For practical purposes, a p-value cut-off of <0.05 for statistical significance is often used in research papers. This means that a result is accepted when the probability of it being caused by chance is less than 5%. However, when performing two tests, the probability that one of them is caused by chance doubles to 10% if the individual cut-off is kept at <0.05. This probability further increases with the number of tests: Statistically, if there is no true effect or difference, the probability that one in twenty tests would yield a p-value <0.05 reaches towards 100%. Because of this, it is appropriate to use methods to adjust for multiple testing, especially when working with big data. One simple and common method is the Bonferroni adjustment, which calculates a dataset specific cut-off value by dividing the preferred significance level (ie. 0.05) by the number of tests performed.

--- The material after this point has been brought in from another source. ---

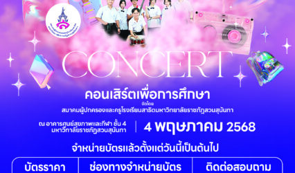กิจกรรม ชวนร่วมคอนเสิร์ตเพื่อการศึกษา ชม “tattoo colour” ช่วยส่งเสริมโอกาสทางการศึกษาของนักเรียน tui sakrapee April 8, 2025 คอนเสิร์ตเพื่อการศึกษา tattoo colour สามารถซื้อบัตรเข้าร่วมชมคอนเสิร์ตกันได้ทั้งนักเรียน นักศึกษา บุคลากร และบุคลภายนอก สมาคมผู้ปกครองและครูโรงเรียนสาธิตมหาวิทยาลัยราชภัฏสวนสุนันทา ขอเชิญชวนทุกท่านร่วมงาน “#คอนเสิร์ตเพื่อการศึกษา” ที่จะมอบความสุข สนุกสนาน และช่วยส่งเสริมโอกาสทางการศึกษาของนักเรียน 📅 วันอาทิตย์ที่ 4…

It is also important to keep in mind that p-values are strongly affected by the sample size. Given that the measured, average difference remains the same, the p-value would decrease for each extra observation. Which makes sense: If we knew that 1000 children in each city had been tested in the example above, we would intuitively trust the result more than if only 10 were tested and expect a lower p-value. If there was no true difference between the groups, however, then the measured difference would inevitably decrease with increasing sample size. A difference observed from a large proportion is hence more trustworthy, which is reflected in the p-value.

Importantly, given a sufficiently large sample size, even the smallest of differences would yield significant p-values. One must thus keep in mind that the p-value says nothing about the relevance of a finding.

The p-value also does not indicate the reliability of the measured effect size. For this, the 95% confidence interval is much better suited. As this interval also intrinsically indicates statistical significance, it is increasingly recommended to avoid focusing on p-values, and rather report the 95% confidence intervals instead.

References

1) Amrhein V, Greenland S, McShane B. Scientists rise up against statistical significance. Nature 567, 305-307 (2019)

2) Ronald L. Wasserstein & Nicole A. Lazar (2016) The ASA Statement on p-Values: Context, Process, and Purpose, The American Statistician, 70:2, 129-133, DOI: 10.1080/00031305.2016.1154108

The p-value is one of the most reported statistical measures within quantitative research, hence it’s crucial to know how to interpret it correctly.